The Revolution Max is a liquid-cooled V-twin with a lot more power, but it lacks the character of the admittedly obsolete Evos. Harley has finally axed the last two traditional Sportsters – the Iron 883 and Forty-Eight (1200) – with production slated to end in 2023. They were discontinued in Europe in 2020 due to Euro 5 regulations.
Evo Sportsters have a cult following for a reason – they have infinite character. Riding an Iron 883 in 2022 is similar to riding its 1957 counterpart, which is truly special. They’re also incredibly customizable – you can build an entire Sportster from scratch with aftermarket parts. It’s a tinkerer’s dream, and few Sportsters end up alike. So many have been punched out of the factory that they’ll seemingly live on forever in the preowned market.
Are there any equivalents from other brands? Can you buy a new bike that’s comparably old-school? You certainly can, and we’ll start with a brand that’s even more old-school than Harley.
Royal Enfield
Harley-Davidson was founded in 1903, but Royal Enfield started in 1901. In fact, it’s the oldest motorcycle brand with continuous production. Originally an English company, it produced a model as iconic as any Sportster: the Bullet. Launch in 1948, it beats the Sportster as the oldest motorcycle design in history. Both the Bullet and Royal Enfield names come from the same place, as the original company was a subcontractor to the Royal Small Arms Factory in Enfield, London, which produced military rifles and swords.
Like Harley, Royal Enfields were instrumental in World War II, used extensively by the British Army and Royal Air Force. The Indian Army began using Royal Enfield Bullets in the late 1940s and opened a factory in Madras. By 1955, 350cc bullets were sent as kits to Indian factories and production of complete motorcycles soon followed under license. The legendary 1955 Indian Bullet remained relatively unchanged, unlinking itself from the British counterparts that were updated in the late 1950s.
The British company fell into disarray in the early 1960s and was shut down by 1970, but India’s arm endured and produced the 1955 Bullet for domestic riders. Success was not infinite, as superior Japanese bikes almost wiped out the brand in the 1990s. India’s Eicher Motors bought the near-bankrupt company, and the long-running Bullet received significant quality improvements, while additional models were also developed.
Today, there are two primary engine displacements – 350cc Singles and 650cc Twins. Smaller than the outgoing Evo engines but with no less character. All have fuel injection and emissions equipment to pass Western regulations. In fact, the Royal Enfield Meteor 350 became the best-selling 125cc-and-above motorcycle in the U.K. In the American market, the Bullet name was recently dropped in favor of the Classic (and Meteor) 350, while the Continental and INT 650s, Scram 411, and Himalayan 411 adventure bike are relatively new models.

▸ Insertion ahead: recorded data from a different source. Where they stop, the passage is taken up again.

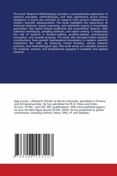The book "Research Methodology" provides a comprehensive exploration of research principles, methodologies, and their significance across various disciplines. It traces the evolution of research from ancient civilizations to modern scientific advancements. The book highlights the importance of empirical evidence, logical reasoning, and systematic inquiry in knowledge generation. Key topics include qualitative and quantitative research, data collection techniques, sampling methods, and report writing. It emphasizes the role of research in decision-making, problem-solving, technological innovation, and societal progress. The book also discusses India's research contributions, from ancient mathematical innovations to modern scientific institutions like ISRO. By fostering critical thinking, ethical research practices, and methodological rigor, this work serves as a valuable resource for students, scholars, and professionals engaged in academic and applied research.
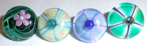 Amber posted a tutorial on Lampwork Etc. on how to make the two beads with silver foil in them. She called them Fire Opals which hers looked more like a fire. Mine, not so much but I did get some color and wispy things and they do look cool with the silver foil in them. I think this set will make a nice badge holder.
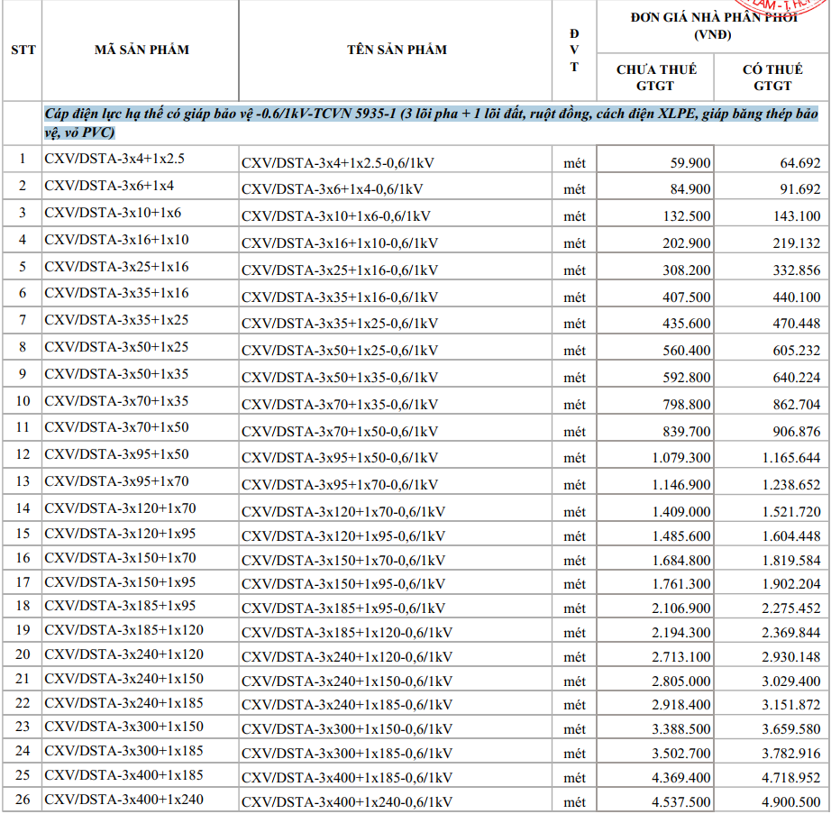 Bảng Giá Cáp điện lực hạ thế có giáp bảo vệ -0.6/1kV-TCVN 5935-1 (3 lõi pha + 1 lõi đất, ruột đồng, cách điện XLPE, giáp băng thép bảo

All of them remain old-school and true to their roots, and you won’t find anything closer to bikes from the 1950s and 1960s. I dare say the Classic 350 is even more “vintage” than the Sportsters, while the new 650cc parallel-Twins are classically designed as well. Royal Enfields are designed in England and built in a state-of-the-art factory in India, and they’re half the price (or less) of new Sportsters. For old-school enthusiasts, they’re tough to fault.
BSA and Norton
BSA stands for Birmingham Small Arms Company, which began manufacturing firearms in the 1860s. in 1905, a bicycle with a small Minerva engine was built and motorcycle production became inevitable. The versatility of BSA was very evident during World War II when 67 factories supplied millions of rifles and machine guns, along with 126,000 M20 motorcycles.
By 1950, BSA was the largest motorcycle manufacturer in the world. From 1938 to 1963, BSA’s Gold Star became an icon for the brand and was among the fastest bikes in the 1950s. It was called “Gold Star” after a Gold Star badge was awarded to Wal Handley in 1936 for running the Brooklands racing circuit at over 100 mph on a BSA Empire Star. Gold Star bikes had single-cylinder, 4-stroke engines in 350cc or 500cc displacements, and each came with dynamometer results to confirm horsepower.
BSA merged with Triumph and Norton to form Norton-Villiers-Triumph in a desperate attempt to save all three in the 1970s, but none could overcome the rising dominance of Honda, Kawasaki, Suzuki, and Yamaha. Triumph made a successful comeback in the 1990s with models reentering the U.S. market in 1995. The rights to Norton were bought in 2008, and the famous Commando was again produced in England, but the company fell into bankruptcy in 2020.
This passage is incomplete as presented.